To really test our implementation, we asked QuickCheck to check its properties:

*Rack> quickCheck prop_New
OK, passed 100 tests.

*Rack> quickCheck prop_AddAddsElement
OK, passed 100 tests.

*Rack> quickCheck prop_AddPreservesOrdering
OK, passed 100 tests.

I should point out that QuickCheck did not prove that our properties held. Rather, it gathered evidence that we could use to argue that our properties held. The evidence was that each of our properties’ claims was subjected to 100 randomly generated tests, and none of the tests was able to disprove a claim.

Was this evidence sufficient for us to rest satisfied that our implementation was correct? Given how simple our implementation was, I felt that the evidence was sufficient. Casey agreed, and we moved on.

With the first implementation done, we decided to try a more-sophisticated implementation.

Generalizing the interface

Since we were about to have multiple implementations, it made sense for us to define a generalized interface that any “Rack-like” implementation could use. For that, Haskell’s type classes were perfect:

-- Our interface for "Rack-like" data types

class Racklike a ra | ra -> a where
    mkRack :: ra
    add    :: Ord a => a -> ra -> ra
    balls  :: ra -> [a]

The interface was essentially the same as before, except that the data type behind the rack implementation was not given by a specific type Rack a but rather by the type variable ra, which represents some type of rack container for balls of type a.

Note that ra determines a. If, for example, you know that the container type ra equals “a list of Int values,” you know that a must equal Int. (To represent this relationship, we used functional dependencies, a popular extension to the Haskell 98 standard.)
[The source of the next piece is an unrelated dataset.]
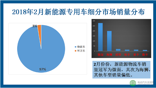 过数据整理发现,2018年2月新能源专用车共销售541辆,同比增长80.78%,环比增长-900%。从往期的销量来看,在前几月份的暴增后,2月份的销量走向低谷。

With the Racklike type class in place, we moved our list-based implementation inside of the interface:

-- Our list-based implementation of a Rack

type ListRack a = [a]

instance Racklike a (ListRack a) where
    mkRack = []
    add    = insertList
    balls  = id

Next, we modified our QuickCheck property definitions. Where before it was fine to assume that we would be testing our single, list-based implementation, now we needed to allow for testing other implementation types. We did this by adding a rackType parameter to our property definitions. We used the type, not the value, of this parameter to determine the type of rack to test:

prop_New rackType =
    balls (mkRack `asTypeOf` rackType) =~ []
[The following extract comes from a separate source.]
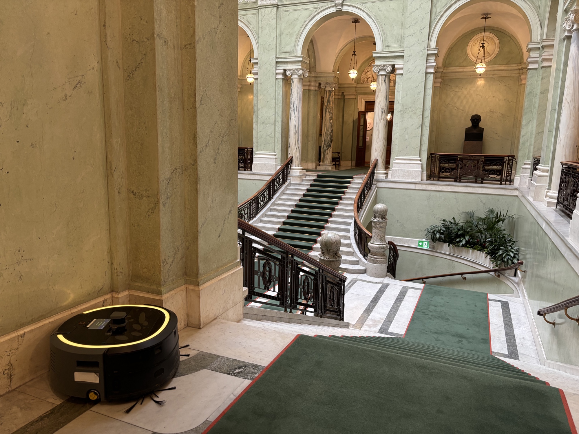 Visa på Bluesky →Riksdagen har fått en robotdammsugare! Det finns många mattor i riksdagens hus och det är ett tungt jobb att dammsuga dessa. Så nu har vi fått en robot. Idag arbetade den i Trapphallen. (Och ja Expressen har såklart rapporterat om detta tidigare https://www.expressen.se/nyheter/sverige/robotdammsugare-for-70-000-ska-stada-i-riksdagen/)

prop_AddAddsElement rackType ballList x =
    balls (add x rack) =~ (x : balls rack)
  where
    rack = rackFromList ballList `asTypeOf` rackType

prop_AddPreservesOrdering rackType ballList x =
    isOrdered (balls rack) ==> isOrdered (balls (add x rack))
  where
    rack = rackFromList ballList `asTypeOf` rackType

Because we could no longer assume the rack would be represented as a list of integers, we wrote rackFromList to convert such a list into a rack:

rackFromList xs = foldr add mkRack xs

With these modifications in place, we re-ran our tests, specifying (via type annotations) that we wanted to run them for the ListRack implementation:

*Rack> quickCheck $ prop_New (undefined :: ListRack Int)
OK, passed 100 tests.

*Rack> quickCheck $ prop_AddAddsElement (undefined :: ListRack Int)
OK, passed 100 tests.

*Rack> quickCheck $ prop_AddPreservesOrdering (undefined :: ListRack Int)
OK, passed 100 tests.

A tree-based Rack implementation

Now that we were free to add additional implementation types, we created one based on binary trees. We started by defining the tree data type:

data Tree a
    = Empty
    | Root (Tree a) a (Tree a)
    deriving (Ord, Eq, Show)

This definition says that a tree can be either empty or a root node. A root node has a single value and left and right sub-trees.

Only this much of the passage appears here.